EP: É importante frisar que, nos últimos oito anos, 55 membros se aposentaram e outros 22 estão na iminência de se aposentar, pois já fizeram o pedido de aposentadoria. Então esse déficit poderia aumentar para 77 membros. Tirando os 13 que ingressaram nesse período, esse número cai para 64. Se eu fosse repor todas as peças que saíram e que estão para sair, dá quase R$ 80 milhões. Eu não vou conseguir, porque eu não tenho capacidade orçamentária.

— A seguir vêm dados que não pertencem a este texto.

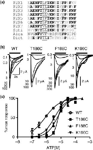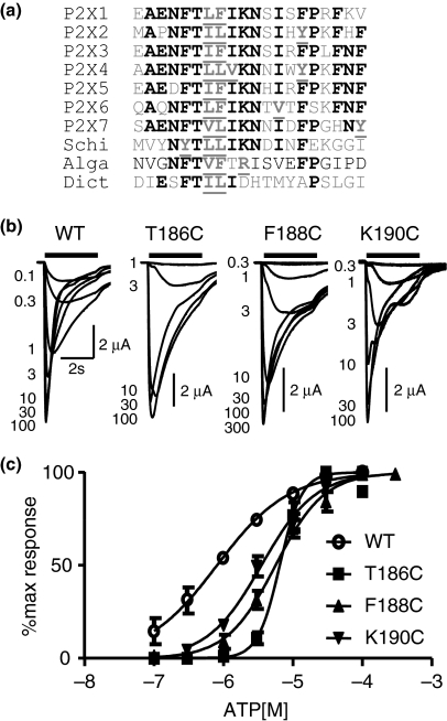 Fig. 1. Effects of cysteine point mutants of E181 to V200C on ATP potency at human P2X1 receptors. (a) Sequence line-up for the region corresponding to E181 to V200 of the P2X1 receptor for the seven human, Schistosoma mansoni (Schi) (Agboh et al. 2004), the green alga Ostreococcus tauri (Alga) (Fountain et al. 2008) and amoeba Dictyostelium discoidium (Dict) (Fountain et al. 2007) P2X receptors. Residues conserved in at least five of the human isoforms are shown in black bold, conservative substitutions are shown underlined in bold gray. (b) Concentration responses to ATP for oocytes expressing WT, T186C, F188C and K190C mutant P2X1 receptors. Application of ATP is indicated by bar. (c) Summary of concentration response data for WT and mutants T186C, F188C and K190C that showed significant decreases in ATP potency (n = 3–4).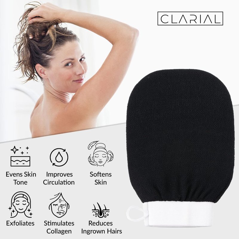 Clarial Exfoliating Body Scrub for Bath & Shower Use - Face Scrubber & Body Exfoliator for Dead Skin Remover - Korean Exfoliating Glove Shower Scrub for Men and Women - Pair Black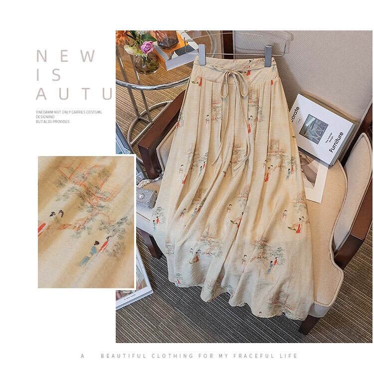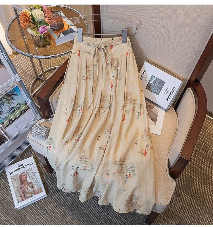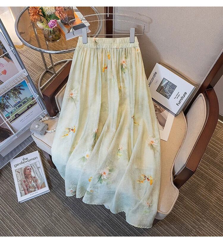 プラスサイズの婦人服 2023 脂肪姉妹夏新レトロプリントスカート a ラインスカートスリム花柄プリーツドレス 大きめサイズ サマー 夏物 Aライン 8884172413025273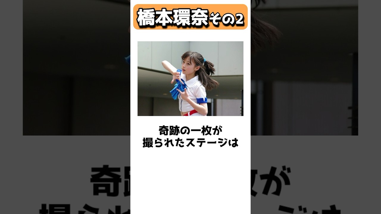 橋本神奈は双子の兄がいるデビューの きっかけは8歳の頃テレビに出たいと母親 に頼み地元福岡の芸能プロに所属した地方 CMがメインだったがステージに立つのも 楽しそうだと思い2009年アイドル グループのレブフロムDVLに加入した コダ監督の映画奇跡に出演劇団の舞台や 地方ドラマ出演など徐々に活動を広げ 2013年5月博多リバレインで開催され たライブでファンによって撮影された1枚 の写真が11月になって突如SNSや掲示 板で爆発的に広がりこの美少女は誰だと 話題になった連日テレビで取り上げられ 千年に1人の逸材として橋本神田の名前は 全国に知れ渡った撮影したのはアイドル ファンでカメラ小僧の博多のたさんライブ レポと共にブログに掲載していた奇跡の1 枚が取られたステージは身長を理由に メンバーから外されており社長に直談判し てステージの橋で踊らせてもらっていた 根性から生まれた奇跡の1枚だった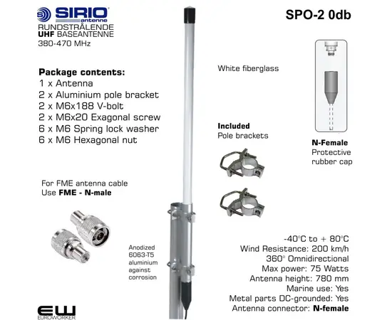 and long life to all the SPO-antennas series. - They are supplied with two strong extruded aluminium brackets and stainless steel hardware for a good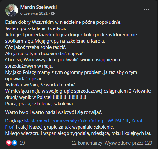 "(...) Jestem po szkoleniu 6 edycji... Chcę się Wam wszystkim pochwalić swoim osiągnięciem sprzedażowym... W miesiącu maju w swojej grupie sprzedażowej osiągnąłem 2 / słownie: drugi / wynik w Polsce !!!!!!"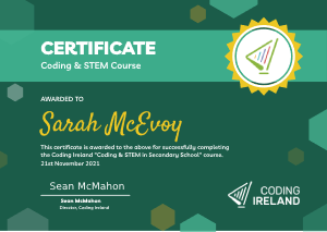 "Coding Ireland provided us with a comprehensive Coding, STEM and Robotics course that our students love and gives them a pathway to pursue the different areas in this vital field.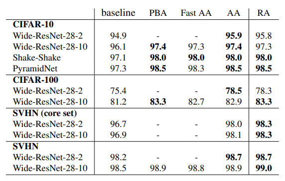 AA, FAA는 위에서 소개드렸고, PBA는 Population Based Augment(ICML19, 19.05)로서 유전 알고리즘을 이용한 최적화로 augment 함수를 최적화 하는 기법입니다.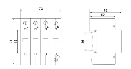 采用35mm的標(biāo)準(zhǔn)導(dǎo)軌安裝,連接銅質(zhì)導(dǎo)線為2.5~16mrf12。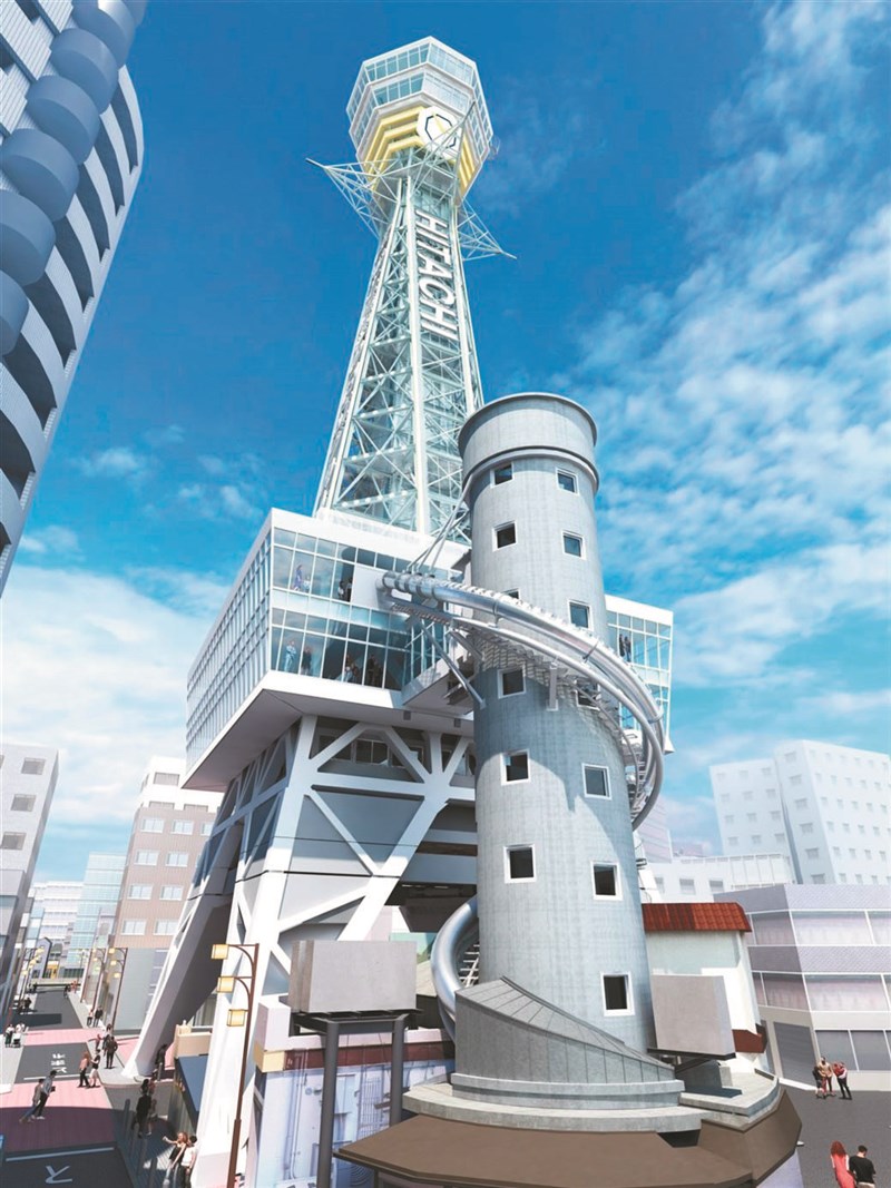 網路媒體Impress Watch報導,負責營運通天閣的「通天閣觀光公司」,二○二一年十二月動工興建全長約六十公尺的巨型溜滑梯,近日已完工,四月十六日邀相關人士舉行「試滑會」。這座巨型溜滑梯名稱為TOWER SLIDER,九日上午十時正式對外營業。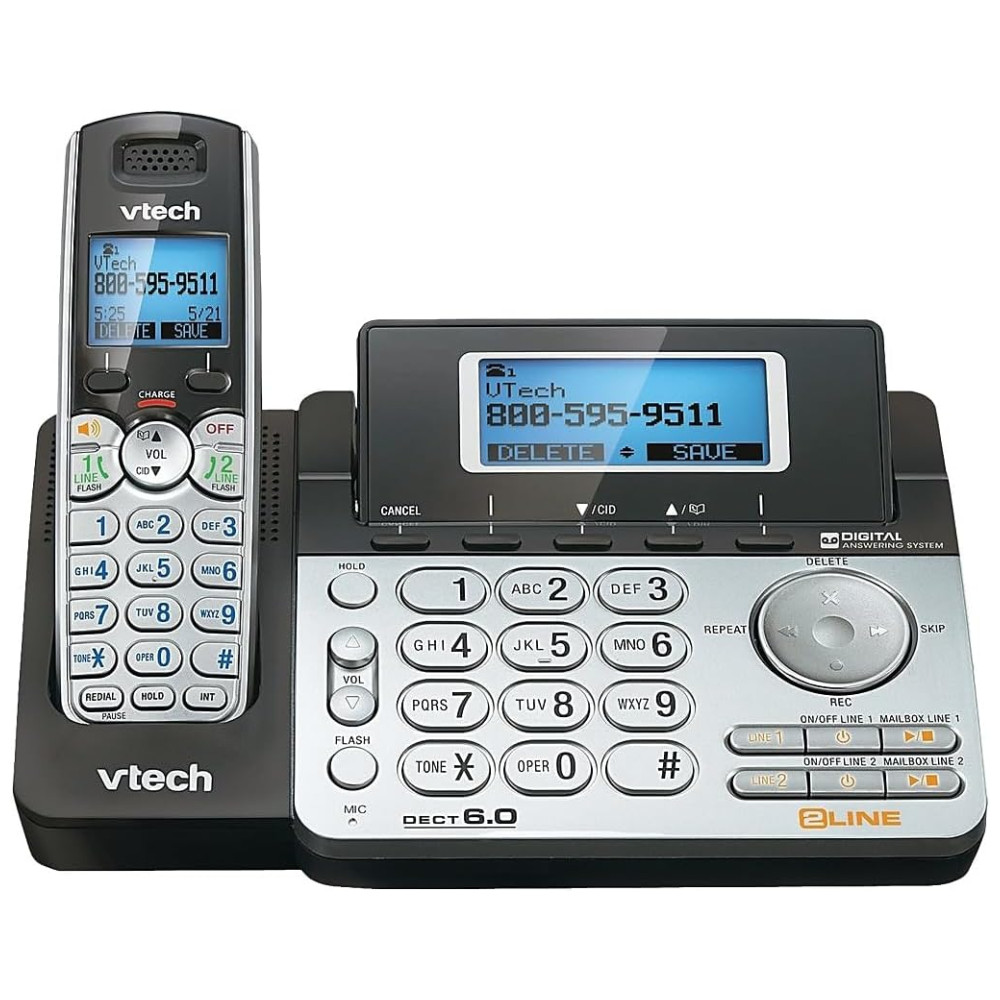 VTech DS6151 2 Sistema de telefone sem fio de 2 linhas e 2 telefones para casa ou empresa pequena com sistema de atendimento digital e caixa de correio em cada linha, prata

Se eu fosse seguir esse modelo antigo, arcaico, ultrapassado, de investir só em membro, eu ia ultrapassar o limite imposto pela Lei de Responsabilidade Fiscal. A única forma de a gente conseguir tocar a instituição e de a instituição, através dos seus membros, realizar um trabalho de qualidade, a serviço da sociedade, é a gente fundir ou mexer com as atribuições dos membros ou organizar administrativamente – como de fato a gente tem organizado – e também dar estrutura aos membros para eles trabalharem. Porque aí a gente vai permitir ao membro realizar um trabalho de qualidade e gerar menos despesa. Nós sabemos o que a gente está fazendo. Se eu fosse dar provimento a todos os cargos existentes decorrentes de membros que deixaram a instituição e aqueles que estão na iminência de deixar, isso vai gerar um caos administrativo. Então a gente está indo para um caminho mais inteligente.
FV: Na proposta que o MPES encaminhou à Assembleia havia também a previsão da criação da 13ª parcela do auxílio-alimentação para os servidores. No entanto, esse ponto foi vetado pelo governador. Como o senhor encarou esse veto?
EP: Quando nós propusemos isso, a gente veio respaldado em algo que não é mais novidade desde 2017, quando foi sancionada a lei estadual que provê o pagamento desse benefício aos servidores do Executivo. Então nós entendemos que seria cabível. Todavia o governador entendeu que, nesse momento, não era caso de conceder esse benefício e o vetou dentro de sua prerrogativa de vetar o que ele achar conveniente. Nós respeitamos essa posição dele.
FV: Durante a tramitação desses projetos na Assembleia Legislativa, houve quem criticasse a falta de debate acerca do assunto. O senhor considera que o debate foi suficiente antes da aprovação da matéria?
EP: A gente apresentou essa proposta no Colégio de Procuradores. O colegiado analisou e, ao final, disse que está certa a proposta. Em seguida, eu a encaminhei à Assembleia. Quando um projeto dessa magnitude é encaminhado à Assembleia, eles me chamam para debater. Eu discuti com o presidente da Assembleia, com o vice e depois com todos os deputados que foram chamados. Nem todos foram, mas todos foram convidados. Eles são sabedores acerca dessa situação que se avizinha, que são os afastamentos dos novos colegas que requereram aposentadoria que, se somados aos 55 que já saíram, poderão causar um transtorno institucional, quase que um colapso administrativo. Então é preciso que, na medida em que os membros vão saindo, eu preciso chamar aqueles que estão trabalhando e falar que ele agora também vai assumir a atribuição do outro que saiu. Como eu vou fazer isso sem dar respaldo ao colega?